J Robot Surg. 2025 Aug 31;19(1):538. doi: 10.1007/s11701-025-02712-8.

Abstract

Vascular surgical site infections (SSI) are common and associated with graft infection, surgical reintervention, and increased lengths of stay. While antibiotic prophylaxis and negative pressure dressings have improved SSI rates, reported incidence remains as high as 30%. Robotic approaches have decreased surgical site infections in multiple surgical specialties, but remain without a vascular surgery indication. We propose a novel method for robotic groin dissection and anastomosis using a single-port placement from the mid-thigh to eliminate a femoral incision.

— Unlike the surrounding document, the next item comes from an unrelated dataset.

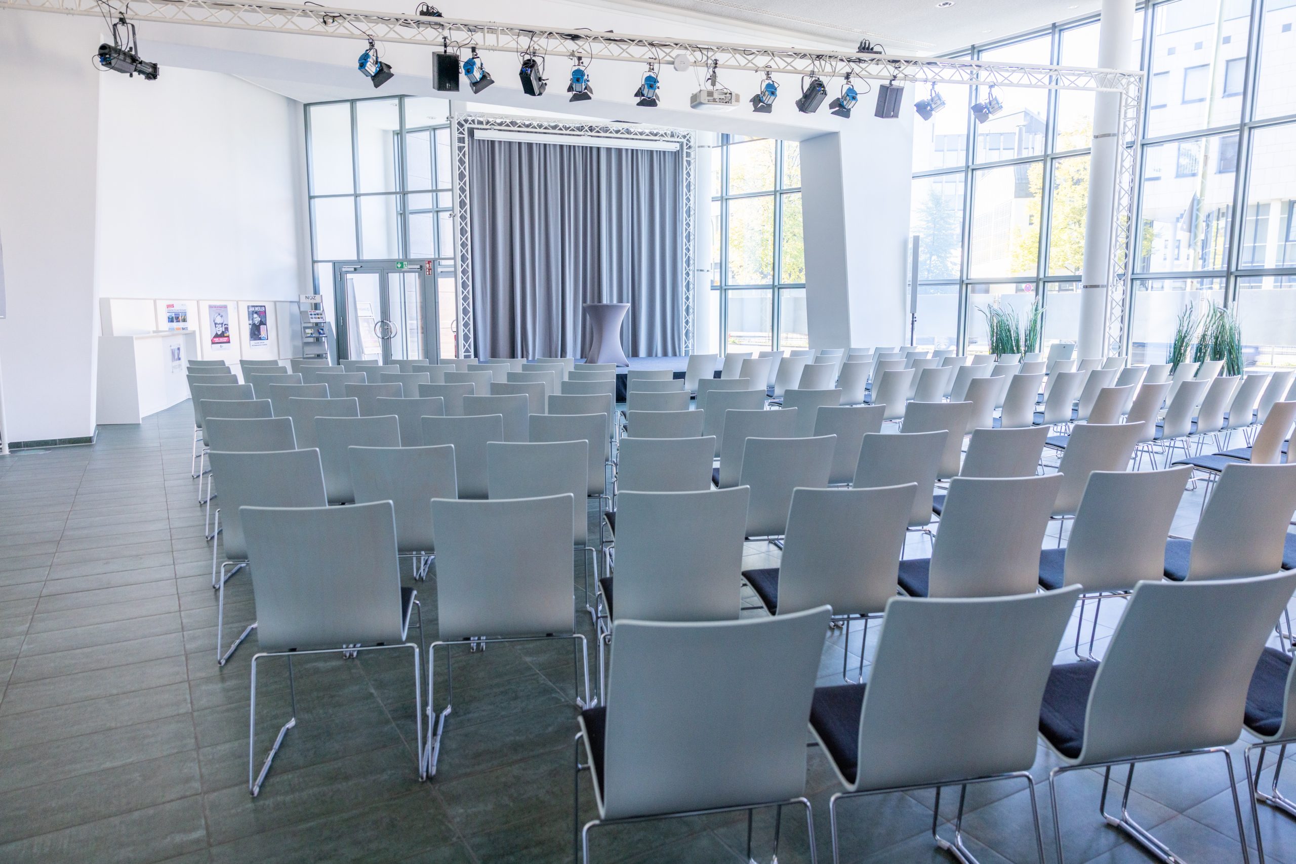 Bei einer Kapazität von 25 bis 199 Personen ist die Gestaltung des Raumes individuell möglich.
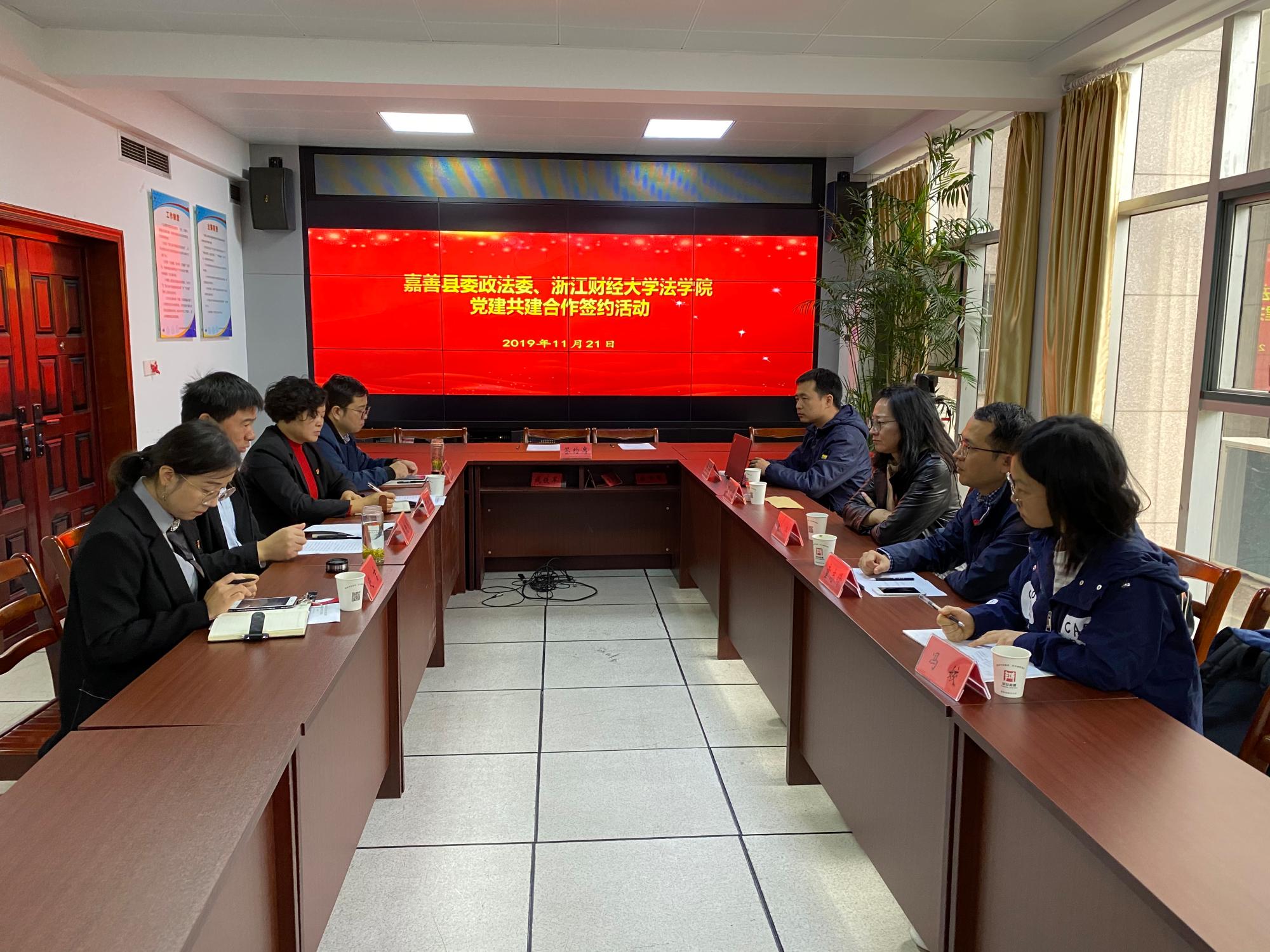 与嘉善县委政法委党建共建合作签约活动在嘉善县政法委一楼会议室举行。嘉善县政法委主持工作书记钱铁军、副书记芮红卫、法学会秘书长周剑、办公室主任赵吉,足球推荐

A single-port robotic platform (da Vinci SP surgical system) was used to perform femoral groin dissection and graft anastomosis from a 3 cm incision at the mid-thigh, 15 cm from the inguinal ligament in two cadaver models. Femoral dissection and anastomosis were feasible in all attempts by a novice robotic surgeon with the approach. Dissection was completed to the level of the inguinal ligament with isolation and vessel loop control of the inferior epigastric, lateral circumflex, common femoral, superficial femoral, and profunda femoris arteries. Time from dissection to creation of arteriotomy ranged from 152 to 55 min with a 97-min reduction between the first and second procedure. Creation of the vascular anastomosis with 6 mm ringed PTFE ranged from 41 to 45 min. Robotic single-port groin dissection and vascular anastomosis are feasible from a mid-thigh approach. Beginner robotic surgeons can demonstrate an efficient learning curve with quick reduction in operating time between attempts. This novel technique has the potential to reduce groin infections and improve surgical outcomes.

摘要

血管手术部位感染(SSI)很常见,与移植感染、手术再次干预及住院时间延长相关。尽管抗生素预防和负压敷料已降低了SSI发生率,但报告的发生率仍高达30%。机器人手术方法已降低了多个外科专业的手术部位感染率,但在血管外科领域仍无应用指征。我们提出一种新颖的机器人腹股沟解剖和吻合方法,通过从大腿中部进行单端口置入以消除股部切口。在两个尸体模型中,使用单端口机器人平台(达芬奇SP手术系统)通过在距腹股沟韧带15厘米的大腿中部做一个3厘米的切口来进行股部腹股沟解剖和移植血管吻合。一位新手机器人外科医生采用该方法进行的所有尝试中,股部解剖和吻合均可行。解剖完成至腹股沟韧带水平,分离并使用血管环控制腹壁下动脉、旋股外侧动脉、股总动脉、股浅动脉和股深动脉。从解剖到切开动脉的时间为152至55分钟,第一次和第二次手术之间减少了97分钟。使用6毫米带环聚四氟乙烯(PTFE)进行血管吻合的时间为41至45分钟。从大腿中部入路进行机器人单端口腹股沟解剖和血管吻合是可行的。新手机器人外科医生可呈现出高效的学习曲线,每次尝试之间手术时间能快速缩短。这种新技术有可能减少腹股沟感染并改善手术效果。